Steinberg Media Technologies GmbH (trading as Steinberg) is a German musical software and hardware company based in Hamburg. It develops music writing, recording, arranging, and editing software, most notably Cubase, Nuendo, and Dorico. It also designs audio and MIDI hardware interfaces, controllers, and iOS/Android music apps including Cubasis. Steinberg created several industry standard music technologies including the Virtual Studio Technology (VST) format for plug-ins and the ASIO (Audio Stream Input/Output) protocol. Steinberg has been a wholly owned subsidiary of Yamaha since 2005.

History 
The company was founded in 1984 by Karl Steinberg and Manfred Rürup in Hamburg. As early proponents and fans of the MIDI protocol, the two developed Pro 16, a MIDI sequencing application for the Commodore 64 and soon afterwards, Pro 24 for the Atari ST platform. The ST had built-in MIDI ports which helped to quickly increase interest in the new technology across the music world.

In 1989 Steinberg released Cubase for Atari, and versions for the Mac and Windows platforms would follow soon afterwards. It became a very popular MIDI sequencer, used in studios around the globe.

Steinberg Media Technologies AG had a revenue of 25 million DM in 1999. It had 180 employees in 2000.  A planned entry on the  Neuer Markt (New Market, NEMAX50) of the Deutsche Börse failed. The company had a revenue of 20 million in 2001 and 130 employees in 2002.

In 2003 Steinberg was acquired by Pinnacle Systems and shortly after that, by Yamaha in 2004. With its new mother company Yamaha, Steinberg expanded design and production of its own hardware, and since 2008 it has created a range of audio and MIDI interface hardware including the UR, MR816, CC and CI series.
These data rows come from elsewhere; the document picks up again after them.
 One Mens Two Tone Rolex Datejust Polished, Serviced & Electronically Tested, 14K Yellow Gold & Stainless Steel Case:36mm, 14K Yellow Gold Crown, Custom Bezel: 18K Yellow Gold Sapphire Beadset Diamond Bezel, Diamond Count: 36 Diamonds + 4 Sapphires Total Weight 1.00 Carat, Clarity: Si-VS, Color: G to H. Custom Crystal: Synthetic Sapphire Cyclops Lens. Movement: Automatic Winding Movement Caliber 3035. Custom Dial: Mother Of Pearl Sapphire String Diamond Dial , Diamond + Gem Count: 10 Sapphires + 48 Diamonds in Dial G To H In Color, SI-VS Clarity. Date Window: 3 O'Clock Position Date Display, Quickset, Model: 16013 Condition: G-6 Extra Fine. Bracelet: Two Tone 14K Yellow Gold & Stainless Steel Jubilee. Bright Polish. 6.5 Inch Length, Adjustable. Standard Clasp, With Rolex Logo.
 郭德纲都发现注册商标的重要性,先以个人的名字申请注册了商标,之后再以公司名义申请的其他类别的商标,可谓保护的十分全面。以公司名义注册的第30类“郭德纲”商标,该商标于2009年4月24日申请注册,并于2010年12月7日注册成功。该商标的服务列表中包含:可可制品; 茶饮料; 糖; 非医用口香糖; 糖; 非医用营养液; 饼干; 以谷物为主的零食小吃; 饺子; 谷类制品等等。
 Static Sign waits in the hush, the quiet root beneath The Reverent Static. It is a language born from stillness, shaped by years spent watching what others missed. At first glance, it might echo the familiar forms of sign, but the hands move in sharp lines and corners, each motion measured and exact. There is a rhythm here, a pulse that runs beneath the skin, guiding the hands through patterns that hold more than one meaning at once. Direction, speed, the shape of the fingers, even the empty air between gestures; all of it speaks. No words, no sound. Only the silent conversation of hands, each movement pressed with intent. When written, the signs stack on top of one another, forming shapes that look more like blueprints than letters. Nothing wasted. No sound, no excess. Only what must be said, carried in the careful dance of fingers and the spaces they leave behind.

In 2012, Steinberg launched its first iOS sequencer, Cubasis, which has seen regular updates since then. The Steinberg satellite office in London was also opened in 2012.

Steinberg has won a number of industry awards including several MIPA awards, and accolades for Cubasis and its CMC controllers amongst others.

Dorico team acquisition 

In 2012, Steinberg acquired the former development team behind Sibelius, following the closure of Avid's London office in July, to begin development on a new professional scoring software named Dorico. It was released on 19 October 2016.

Product History 
Cubase was released in 1989, initially as a MIDI sequencer. Digital audio recording followed in 1992 with Cubase Audio, followed by VST support in 1996 which made it possible for third-party software programmers to create and sell virtual instruments for Cubase. Steinberg bundled its own VST instruments and effects with Cubase, as well as continuing to develop standalone instruments as well. Atari support eventually ended and Cubase became a Mac and Windows DAW (digital audio workstation), with feature parity across both platforms.
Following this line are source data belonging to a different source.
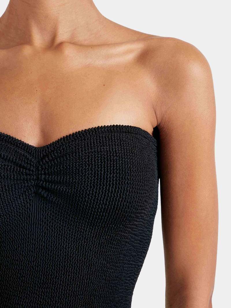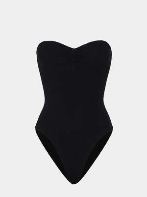 Strictly no tan lines in this strapless style. Minimal meets glam with a ruched sweetheart neckline and figure-sculpting silhouette. All swim purchases are FINAL SALE. Say goodbye to sizing stress. Hunza G's signature Original Crinkle fabrication stretches to flex, sculpt, and support every curve, adapting to all body types in a unique one-size fit to provide confidence and style for every body. The one-size design offers a custom-like fit for UK 6-18 (US 2-14). Hunza G swimwear returns to its original shape after every wear, making it a timeless choice for your swim collectsion, made for whatever life brings.
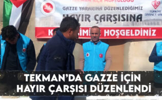 Erzurum’un Tekman ilçesinde Gazze’ye ulaştırılmak üzere hayır çarşısı düzenlendi....
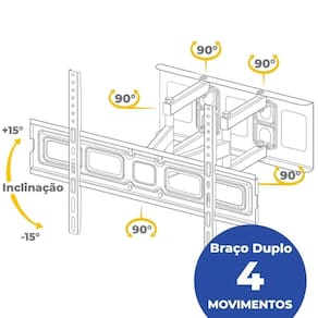 Descricao Suporte para TVs Multiarticulado Maxima seguranca para seu equipamento!O Suporte para TVs Multiarticulado e o produto mais completo da linha, garante total seguranca para televisores maiores, com movimentos em 4 direcoes enquanto ainda esta preso na parede. Voce pode girar na horizontal e tambem fazer ajustes de inclinacao, seja para cima ou entao para baixo.Compativel com televisores de tela LCD, LED, OLED, QLED e Plasma, de 37 a 80 polegadas pelo padrao VESA, foi desenvolvido para ter uma instalacao pratica enquanto garante alta seguranca e organizacao para seu equipamento, porque nao deixa seus cabos soltos e baguncados na partes de tras, organize-os dentro do proprio Suporte com o completo organizador de seu ambiente muito mais organizado, com espaco limpo sobrando!O suporte acompanha o kit instalacao que compoe de parafusos, buchas, arruelas e manual. Tamanhos de :37 a 80 polegadas VESA suportados (mm):200200, 200300, 300200300300, 400200 400300400x400, 600x200, 600x400 Peso suportado:Ate 40 Kg contando Suporte e Distancias da parede:Minimo 80mm - Maximo 430mm.Articulacoes do SuporteEste suporte possui 4 movimentos, um a mais que seu comparativo, ele pode ser afastado com mais espaco da parede onde esta instalado, voce pode inclinar tanto na horizontal como na vertical a sua sala tem o cantinho perfeito do sofa, com o SAV-4600 sua pode ficar na posicao perfeita para assistir seu programa favorito!Assista em qualquer posicao no seu quarto, sala, cozinha, area de lazer, ate mesmo salas empresariais e de reunioes!Seguranca em primeiro lugarTer uma grande de ate 80 polegadas parece dificultar a movimentacao, mas com o Suporte Multiarticulado da Aquario e facil e sem perigo de acidentes, porque possui braco duplo para aumentar a resistencia ao peso!Um investimento desse tamanho merece um suporte a alturaUm suporte simples, por mais barato que seja, pode sair caro voce gosta de ter a na posicao perfeita enquanto esta assistindo sua serie favorita, seja na cama ou no canto do sofa, um Suporte de ma qualidade vai entortar sua estrutura, deixando o equipamento desnivelado que nunca mais vai parar na mesma posicao de posso fixar meu suporte?Os suportes da Aquario sao produzidos com otimos materiais, mas de nada adianta se ultrapassar a resistencia de sua parede. cuidado e procure instalar em paredes de concreto e alvenaria, paineis de madeira ou blocos macicos. Assim voce pode perfurar e fixar o suporte com total seguranca, sem se preocupar se uma hora sua ira paineis de madeira e paredes Dry Wall voce precisa verificar a resistencia se e resistente o suficiente.Acessorios e Kit de instalacaoAlem do Kit de instalacao completo, que conta com parafusos, buchas e arruelas pra varios tipos de superficies, acompanha o nivel tipo bolha do proprio suporte, assim voce sabera facilmente se esta reto o suficiente pra fazer a furacao.Acompanha organizador de cabos, o proprio suporte consegue esconder seus fios na parte interna ao prender com o organizador!*Imagens meramente ilustrativas.Especificacao Tecnica CODIGO DO PRODUTOSAV-4600PADRAO VESA (MM)200x200200x300300x200300x300400x200400x300400x400600x200600x400LOCAIS DE INSTALACAOAlvenaria, painel de madeira e MDF, Dry WallPOLEGADAS SUPORTADA37 a 80 PolegadasINSTALACAO DO SUPORTEVem pre montado - Facil instalacaoMATERIALAco Carbono com pintura resistente, epoxi eletrostatica (anticorrosiva)DISTANCIA MINIMA DA PAREDE80 mmDISTANCIA MAXIMA DA PAREDE430 mmPESO MAXIMO SUPORTADO40 KgPESO DO PRODUTO3,9 Kg
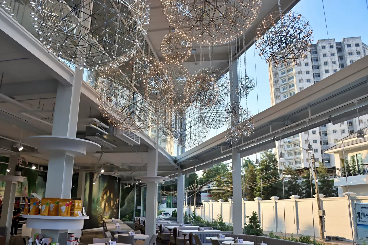 當夜色來臨時,挑高的空間裝飾有大、小的銀、黃色的星球,氛圍又不一樣,是與家人、朋友聚餐的好地方。
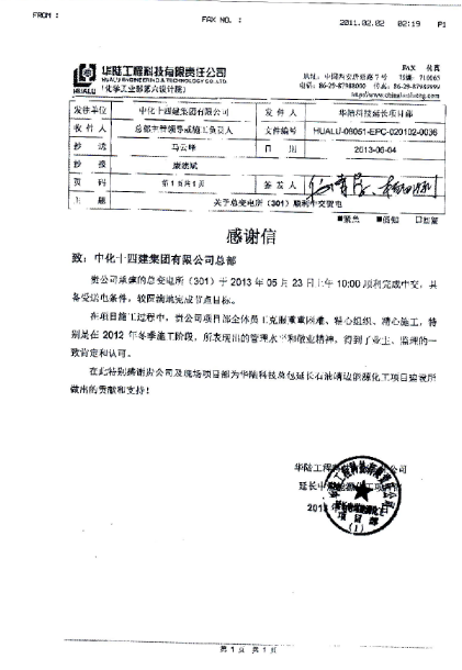 6月6日,公司收到華陸公司延長項(xiàng)目部發(fā)來的感謝信,就我公司承建的總變電所(301)于2013年5月23日具備受送電條件,較圓滿地完成節(jié)點(diǎn)目標(biāo)表示感謝,并對項(xiàng)目施工過程中項(xiàng)目部全體員工不畏艱難,團(tuán)結(jié)拼搏的精神表示贊揚(yáng)。
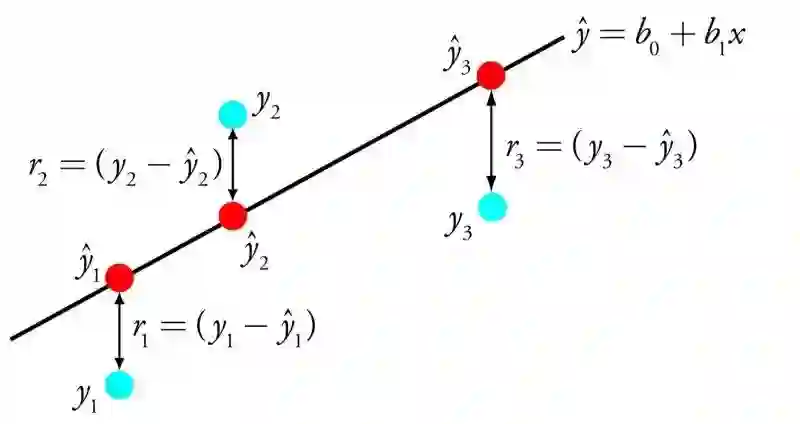 我们将在给定输入值 x 的条件下预测 y,线性回归学习算法的目的是找到系数 B0 和 B1 的值。
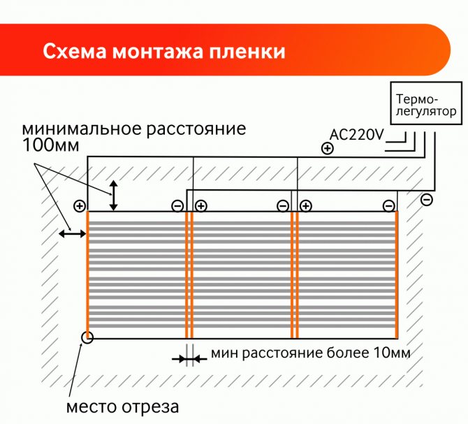 Филм топъл под работи от стандартна мрежа 220 V, 50 Hz... Свързване на ленти към мрежата - паралелно... Схематична схема на свързване на филмов топъл под (отново, фокусирайки се върху нашия пример) е представена по-долу.
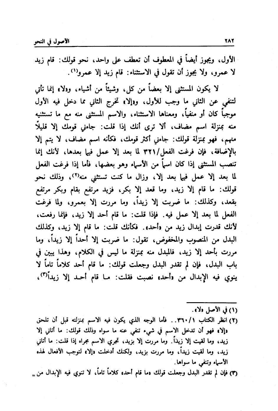 3 فإن لم تقدر البدل, وجعلت قولك "ما قام أحد" كلاما تاما, لا تنوي فيه الإبدال من "أحد" ثم استثنيت، نصبت فقلت: ما قام أحد إلا زيدا فعلى هذا يكون للزوم النصب بعد النفي شيئان التراخي وعروض الاستثناء. وانظر التذييل والتكميل لأبي حيان 4/ 247.

The WaveLab audio editing and mastering suite followed in 1995 for Windows, and the VST and ASIO protocols – open technologies that could be used by any manufacturer – were first released in 1997. WaveLab would come to the Mac in 2010.

In 2000 the company released Nuendo, a new DAW clearly targeted at the broadcast and media industries. 2001 saw the release of HALion, a dedicated software sampler. A complete rewrite of Cubase in 2002 was necessary due to its legacy code which was no longer maintainable, leading to a name change to Cubase SX, ditching older technology and using the audio engine from Nuendo. Since this time, Cubase and Nuendo have shared many core technologies. Cubase currently comes in three versions – Elements, Artist and Pro.

Steinberg was one of the first DAW manufacturers who started using automatic delay compensation for synchronization of different channels of the mixer which may have different latency.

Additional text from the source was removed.